===== Extracted information =====
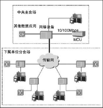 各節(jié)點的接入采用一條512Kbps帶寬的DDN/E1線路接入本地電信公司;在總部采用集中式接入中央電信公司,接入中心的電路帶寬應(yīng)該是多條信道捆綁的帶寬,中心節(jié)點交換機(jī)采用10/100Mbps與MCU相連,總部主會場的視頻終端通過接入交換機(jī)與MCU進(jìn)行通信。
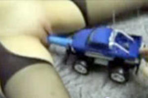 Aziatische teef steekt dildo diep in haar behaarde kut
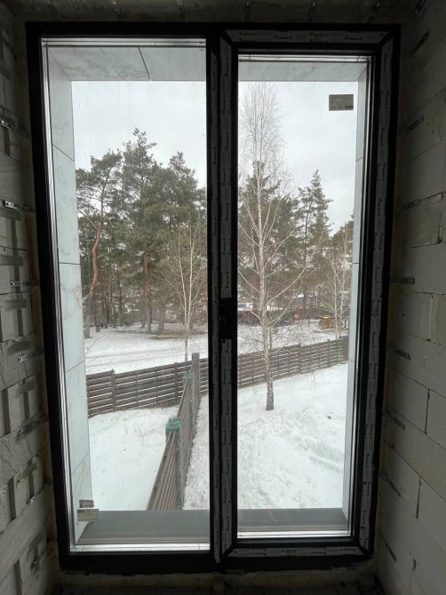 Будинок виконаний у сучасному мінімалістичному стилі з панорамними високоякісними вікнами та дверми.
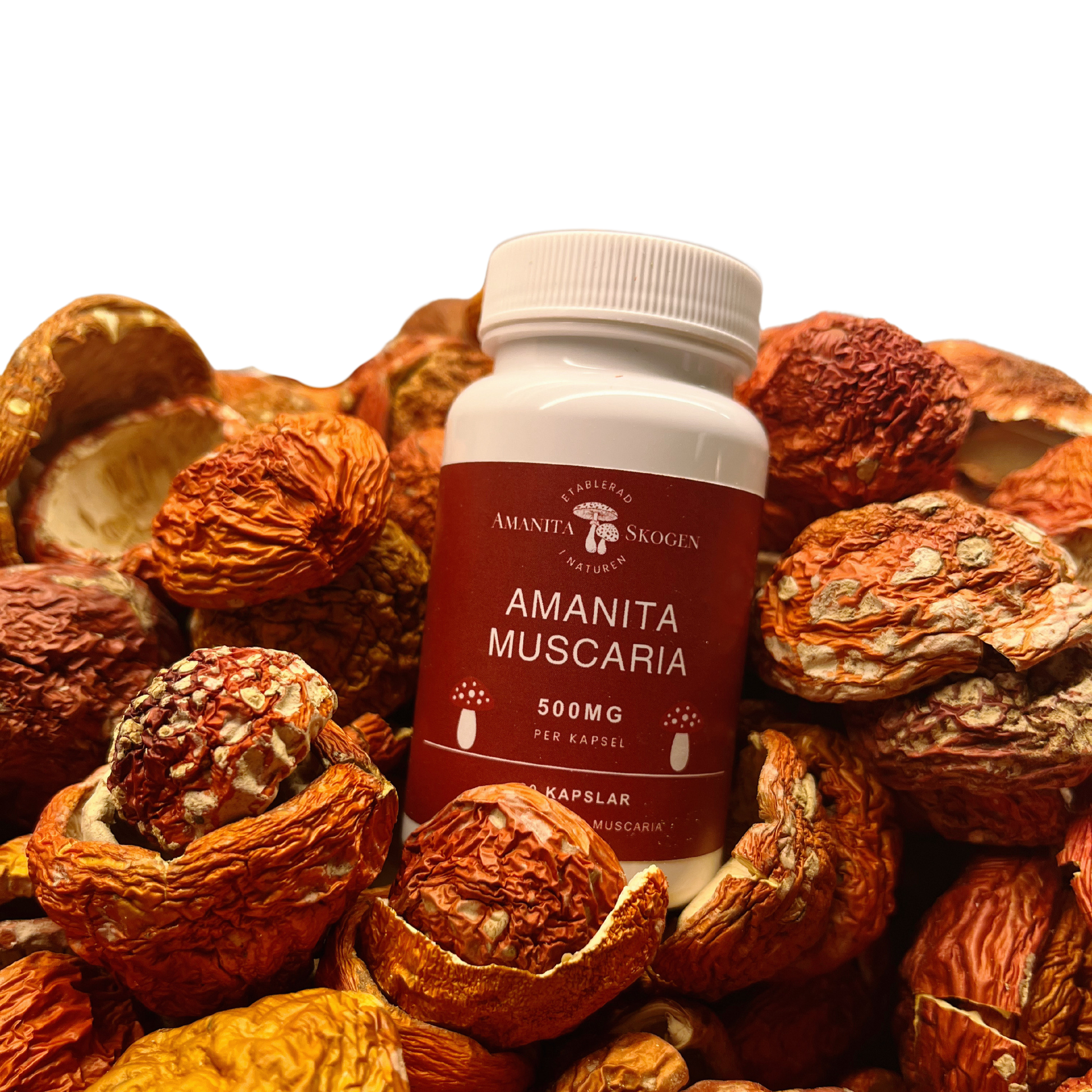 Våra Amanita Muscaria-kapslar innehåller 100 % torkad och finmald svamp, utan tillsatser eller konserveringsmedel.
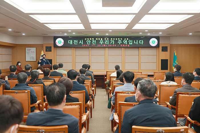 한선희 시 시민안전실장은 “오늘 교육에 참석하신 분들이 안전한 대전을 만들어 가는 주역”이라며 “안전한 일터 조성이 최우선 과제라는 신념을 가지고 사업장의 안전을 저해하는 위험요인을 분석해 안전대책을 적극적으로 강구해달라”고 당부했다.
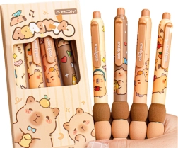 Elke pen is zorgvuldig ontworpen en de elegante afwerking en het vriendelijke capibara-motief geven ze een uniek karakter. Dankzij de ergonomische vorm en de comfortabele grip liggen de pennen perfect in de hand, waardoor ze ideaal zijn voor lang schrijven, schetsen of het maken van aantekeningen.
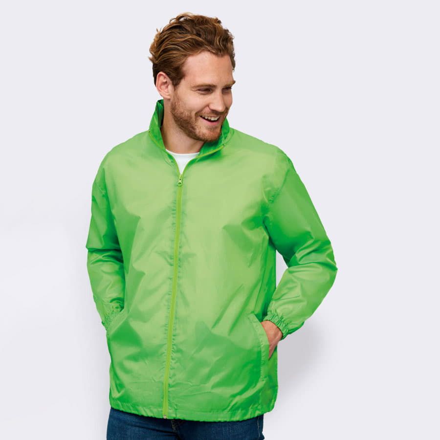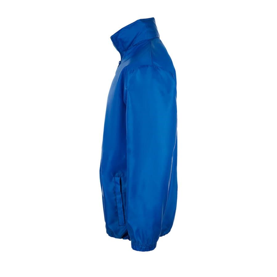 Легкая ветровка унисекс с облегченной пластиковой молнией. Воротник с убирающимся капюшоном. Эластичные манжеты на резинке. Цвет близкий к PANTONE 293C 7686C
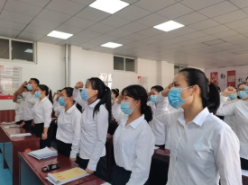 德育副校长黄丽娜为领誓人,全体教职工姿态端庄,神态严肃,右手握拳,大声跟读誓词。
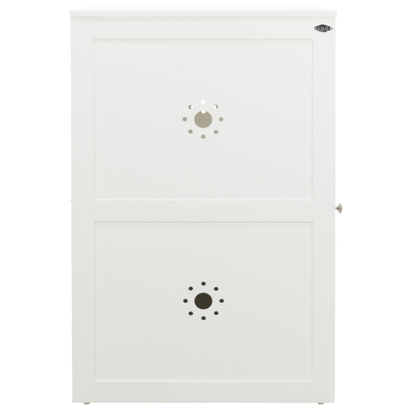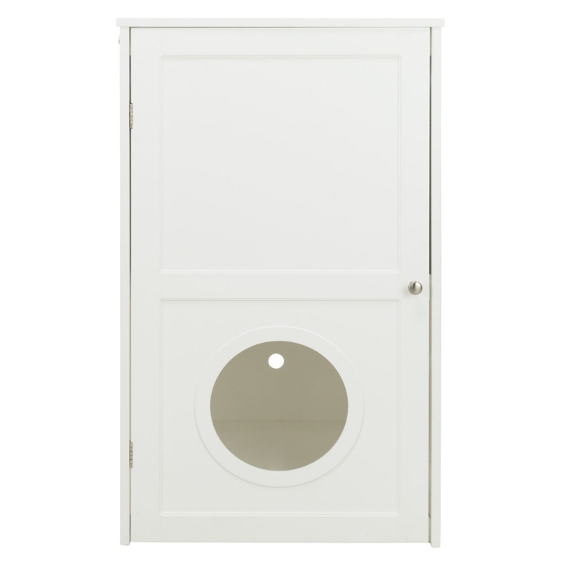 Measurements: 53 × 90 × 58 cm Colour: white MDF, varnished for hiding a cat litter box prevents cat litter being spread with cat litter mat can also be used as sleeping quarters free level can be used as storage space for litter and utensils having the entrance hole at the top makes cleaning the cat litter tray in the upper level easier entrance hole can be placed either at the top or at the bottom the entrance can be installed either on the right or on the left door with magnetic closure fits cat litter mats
=====
_Task to complete_: Transcribe the records word for word and include no pictures.

_Answer to the exercise_:
 各節(jié)點的接入采用一條512Kbps帶寬的DDN/E1線路接入本地電信公司;在總部采用集中式接入中央電信公司,接入中心的電路帶寬應(yīng)該是多條信道捆綁的帶寬,中心節(jié)點交換機(jī)采用10/100Mbps與MCU相連,總部主會場的視頻終端通過接入交換機(jī)與MCU進(jìn)行通信。
 Aziatische teef steekt dildo diep in haar behaarde kut
 Будинок виконаний у сучасному мінімалістичному стилі з панорамними високоякісними вікнами та дверми.
 Våra Amanita Muscaria-kapslar innehåller 100 % torkad och finmald svamp, utan tillsatser eller konserveringsmedel.
 한선희 시 시민안전실장은 “오늘 교육에 참석하신 분들이 안전한 대전을 만들어 가는 주역”이라며 “안전한 일터 조성이 최우선 과제라는 신념을 가지고 사업장의 안전을 저해하는 위험요인을 분석해 안전대책을 적극적으로 강구해달라”고 당부했다.
 Elke pen is zorgvuldig ontworpen en de elegante afwerking en het vriendelijke capibara-motief geven ze een uniek karakter. Dankzij de ergonomische vorm en de comfortabele grip liggen de pennen perfect in de hand, waardoor ze ideaal zijn voor lang schrijven, schetsen of het maken van aantekeningen.
 Легкая ветровка унисекс с облегченной пластиковой молнией. Воротник с убирающимся капюшоном. Эластичные манжеты на резинке. Цвет близкий к PANTONE 293C 7686C
 德育副校长黄丽娜为领誓人,全体教职工姿态端庄,神态严肃,右手握拳,大声跟读誓词。
 Measurements: 53 × 90 × 58 cm Colour: white MDF, varnished for hiding a cat litter box prevents cat litter being spread with cat litter mat can also be used as sleeping quarters free level can be used as storage space for litter and utensils having the entrance hole at the top makes cleaning the cat litter tray in the upper level easier entrance hole can be placed either at the top or at the bottom the entrance can be installed either on the right or on the left door with magnetic closure fits cat litter mats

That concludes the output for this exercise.